Data below ▸
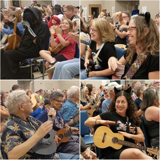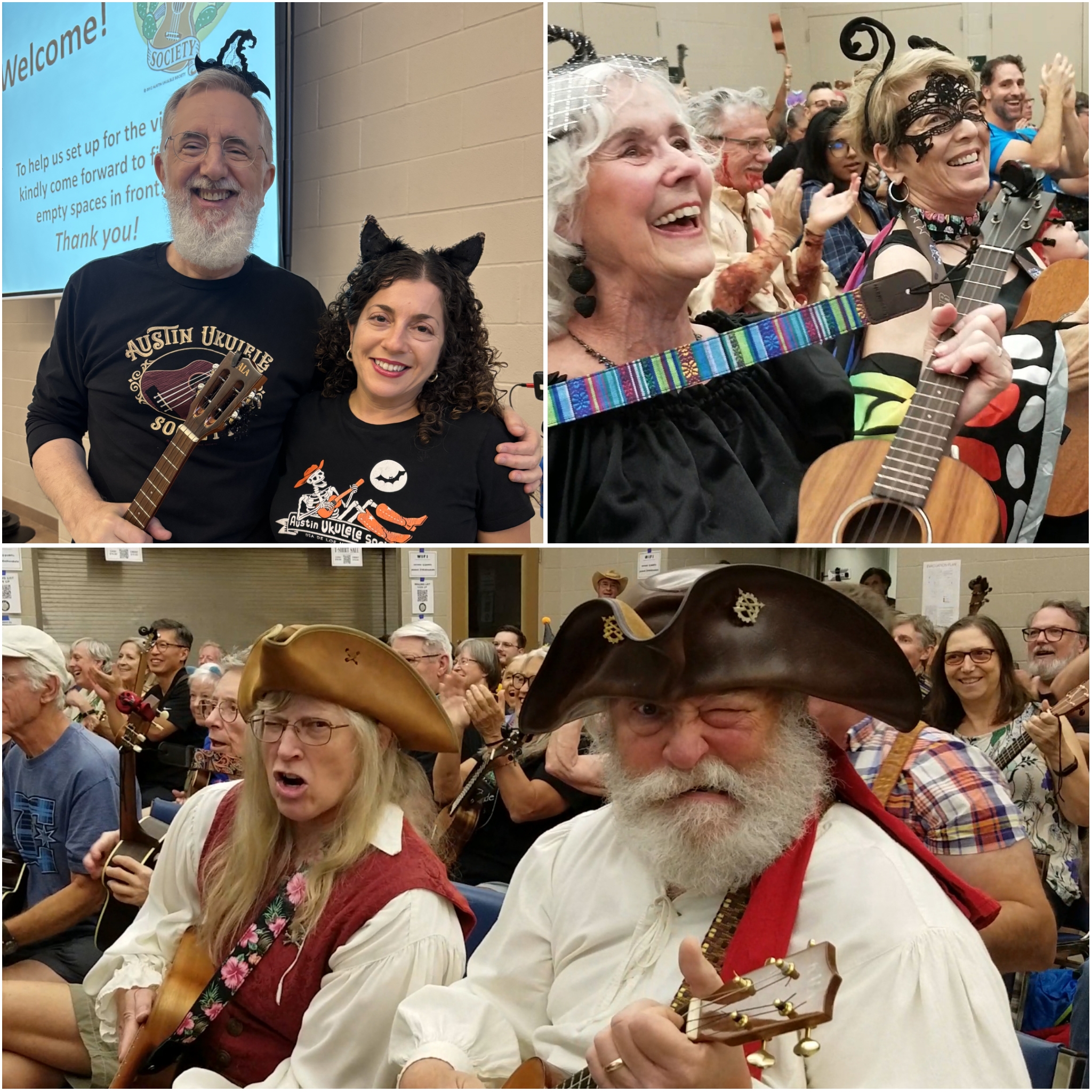A thrilling kickoff to the Halloween season was had by all 165+ in attendance at the Austin Ukulele Society’s October meeting! At this meeting we were thrilled to cover Michael Jackson’s “Thriller.” This epic, eerie and haunting tune is on EVERY Halloween playlist, and the music video is considered the best of all time. We loved strumming and singing it together!
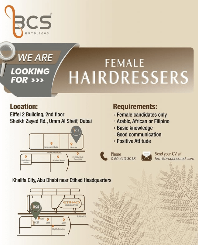 HAIR DRESSER HIRING Must Have 2 - 5 Years Experience Complete knowledge in, Hair Cut, Hair Styling, Hair Color and Blowdry. Good in Communication Positive Attitute Job Location Khalifa City, Abu Dhabi & Shk. Zayed Road Br, Dubai
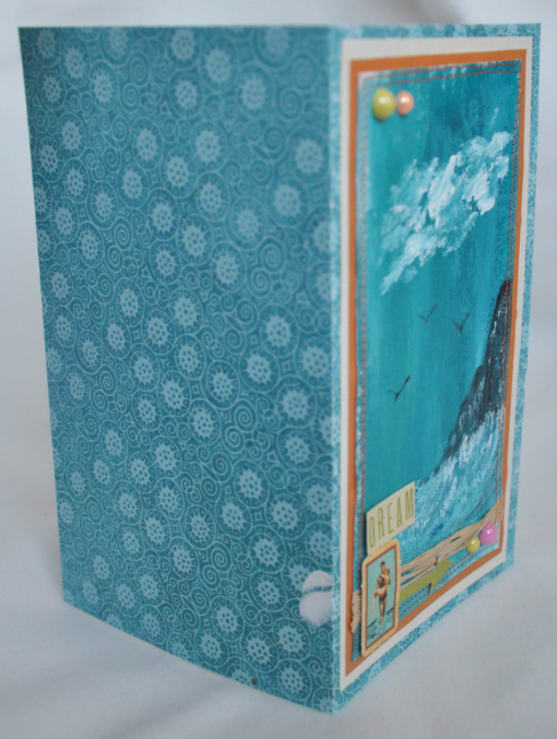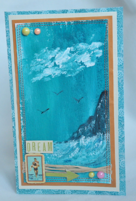 вообщем открытка простая...здесь основное конечно рисунок.....жаль его было сильно прикрывать декором...вроде все цвета палитры соблюдены....стрелка и надпись светло-зеленого цвета.....полубусинки розовые и желтые...рафия-бежевая,черный-скала и птички,белый-облака и волны и основа бирюзовый и оранжевый и акварельная бумага..она больше бежевая....

Work to complete ▸ Give back exactly the lines from the line with "HAIR DRESSER HIRING" through the end of the material above, and omit every picture.

Solution to this task ▸
 HAIR DRESSER HIRING Must Have 2 - 5 Years Experience Complete knowledge in, Hair Cut, Hair Styling, Hair Color and Blowdry. Good in Communication Positive Attitute Job Location Khalifa City, Abu Dhabi & Shk. Zayed Road Br, Dubai
 вообщем открытка простая...здесь основное конечно рисунок.....жаль его было сильно прикрывать декором...вроде все цвета палитры соблюдены....стрелка и надпись светло-зеленого цвета.....полубусинки розовые и желтые...рафия-бежевая,черный-скала и птички,белый-облака и волны и основа бирюзовый и оранжевый и акварельная бумага..она больше бежевая....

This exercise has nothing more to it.